Bishop John McCormack told parishioners Sunday he is haunted by his part in the church sex scandal, and for the first time apparently questioned whether it could affect his future as leader of the Roman Catholic Diocese of Manchester.
“These days my past haunts my present and clouds my future with you in New Hampshire,” he said at the opening of Mass at St. Joseph Cathedral.
McCormack, who became bishop of New Hampshire in 1998, has been dogged for nearly a year by accusations that he failed to protect children from sexually abusive priests while he served in the Archdiocese of Boston as a top deputy to Cardinal Bernard Law from 1984 to 1994. Law resigned as archbishop on Friday.
Last week, McCormack averted unprecedented criminal charges against the diocese of endangering children by moving abusive priests from parish to parish. As part of an agreement with state prosecutors, McCormack acknowledged that the church had harmed children by such moves.
However, McCormack tempered the remark by adding that the best way he can help alleged victims is “to serve and lead the church in New Hampshire well.”
The Rev. Edward Arsenault, chancellor of the diocese, said Sunday that McCormack has no plans to step down.
Roughly 350 people who attended the morning Mass gave McCormack a standing ovation at the close of his opening remarks.
McCormack apologized again Sunday to the alleged victims of abuse but also criticized the attention paid to scandal, calling it a “bizarre interest in the details of these horrible acts which repulse us.”
McCormack was expected to be questioned in civil lawsuits Monday in Massachusetts, where he also has been subpoenaed in a grand jury criminal investigation in that state involving the church scandal.

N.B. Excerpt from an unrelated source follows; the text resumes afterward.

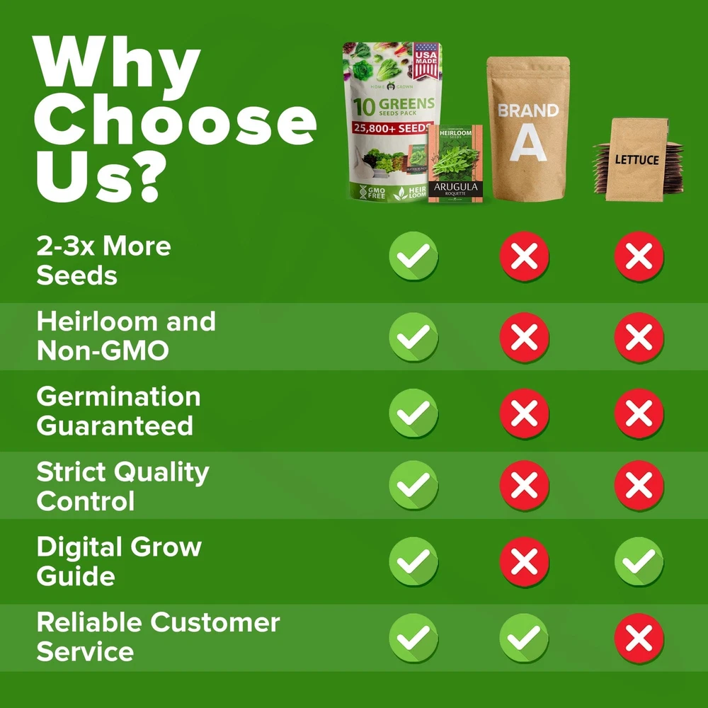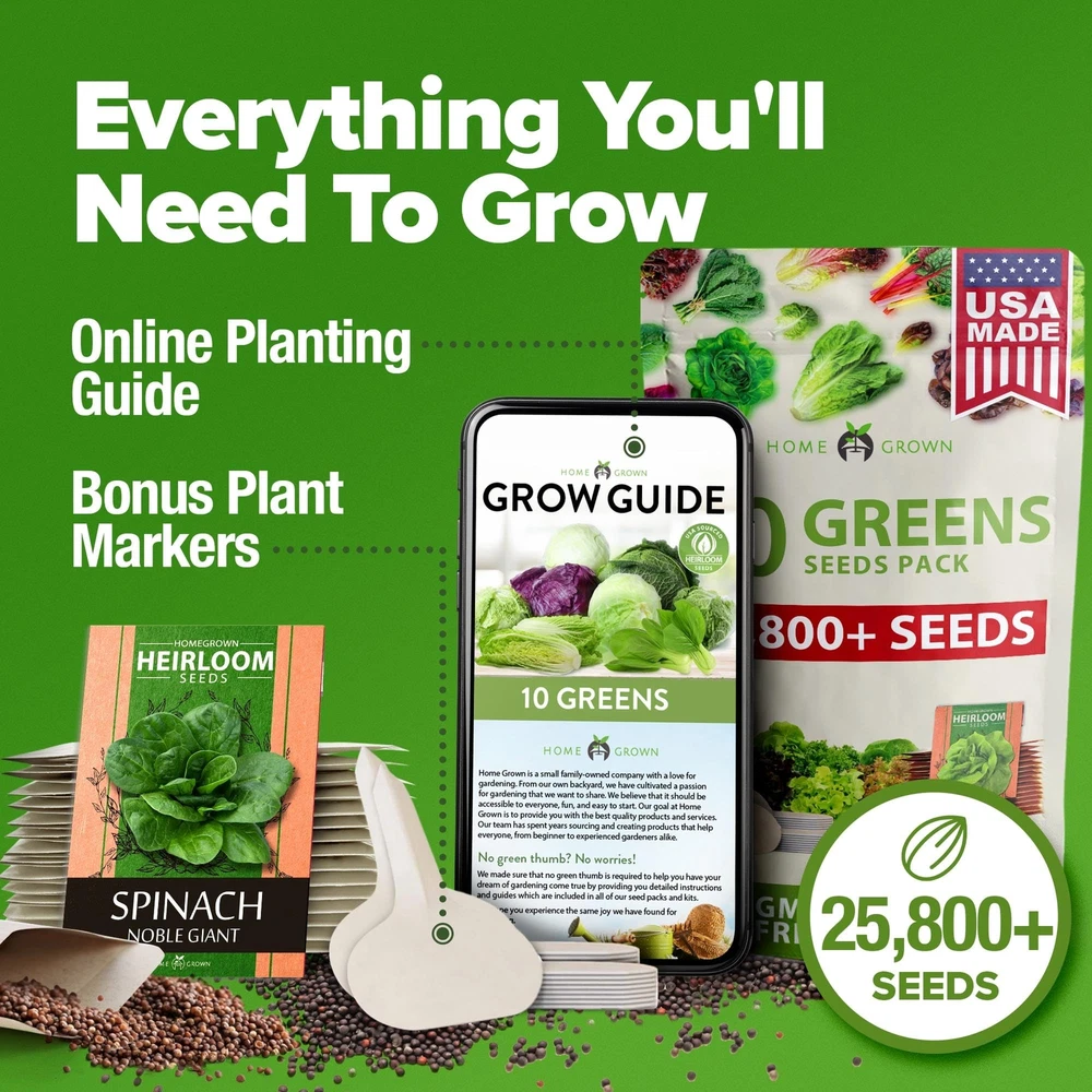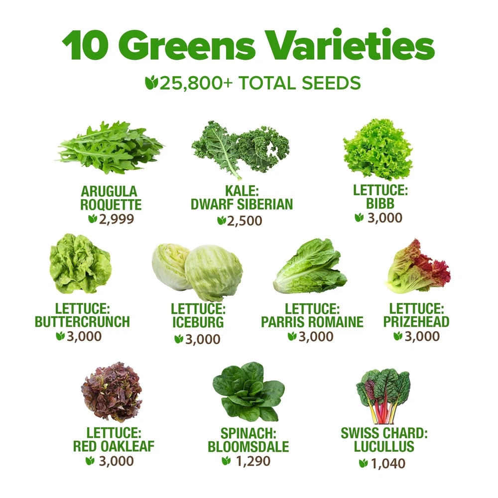 Included in each pack: Varieties - Counts (estimated) Total: ~1500 Paris Island Romaine Lettuce Seeds ~ 150 Buttercrunch Lettuce Seeds- 150 Red Oak leaf Lettuce Seeds - 150 Iceberg - 150 Prizehead Lettuce Seeds- 150 Bibb Lettuce - 150 Dwarf Siberian Kale Seeds - 150 Nobel Giant Spinach Seeds - 150 Arugula Seeds (Roquet) - 150 Swiss Chard Seeds - 150 10 ea Plant Markers 1 ea Planting Guide Our heirloom Non-GMO seeds are great for gardeners, survivalist, , and chefs alike. Get yours today! Harvesting Time: Majority of lettuces - 40-60 days Romain - 75-80 days Crisphead - 70-100 days Looseleaf and butterhead - Anytime during development Considered to be a care-free growing crop Ideal growing PH - 6.0 - 8.0 Ideal temp - 80 degrees or warmer for germination Can easily be started indoors and transferred outside or in a hydroponic system 10 MOST POPULAR LETTUCE AND LEAFY GREEN VAULT PLUS BONUS PLANT MARKERS - Start growing your own garden and eating all-natural, healthy, non-GMO lettuce and leafy greens straight from your yard or indoor garden. FALL AND WINTER VEGETABLE PREP - Plant seeds all year indoors and start your own leafy green vegetable garden to enjoy amazing greens and salads all year. These can be used as a indoor garden, gardening kit, or in an outdoor garden bed. Plant more and use as spouts or micro greens. Complement your bugout bag survival kit with ready-to-grow heirloom survival seeds. 5,000 TOTAL SEEDS & DETAILED PLANTING GUIDE - Our assorted heirloom seeds pack have a large variety of seeds and with high germination rates. These make great lettuce seeds for planting indoor, outdoor, or in a hydroponic system like aerogarden. Included as well is a planting guide in each pack. GREAT GIFT FOR GARDENERS - CHEFS - SURVIVALIST - What else is better than giving a gardener a full of collection to have a bountiful vegetable garden. Seeds are contained inside in waterproof resealable mylar pouch to maintain freshness and quality of the seeds. Our collection of lettuce and greens starter seeds make for a great addition to your prepper gear and supplies. PRODUCT OF USA - Our garden seeds are sustainably sourced in the USA. Have confidence about our quality and 100% satisfaction . These seeds can work with aerogarden pods and other hydroponic systems. Visit and for all kinds of vegetable herb and greens seeds to complete your bug out bag supplies.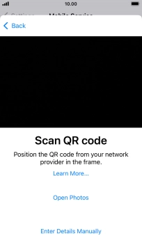 Place the QR code you've received inside the phone camera frame to scan the code. If you’ve deleted your eSIM, you can re-add it using your existing QR code. If you’re having problems, see our FAQ.

In New York, priests in the Diocese of Brooklyn are hoping they will have some say in the replacement of their bishop, Thomas Daily, now that Law has resigned. Daily was an adviser to Law and was involved in the transfer of priests in the Boston Archdiocese who were accused of sexual abuse.
“As of today, we see all the more reason why the priests and laity should have input,” Msgr. John Powis of St. Barbara’s Church in Brooklyn, told Newsday for a story in Saturday editions.
In September, Daily submitted a retirement letter, a mandatory practice for bishops who turn 75. The pope must now decide whether to accept.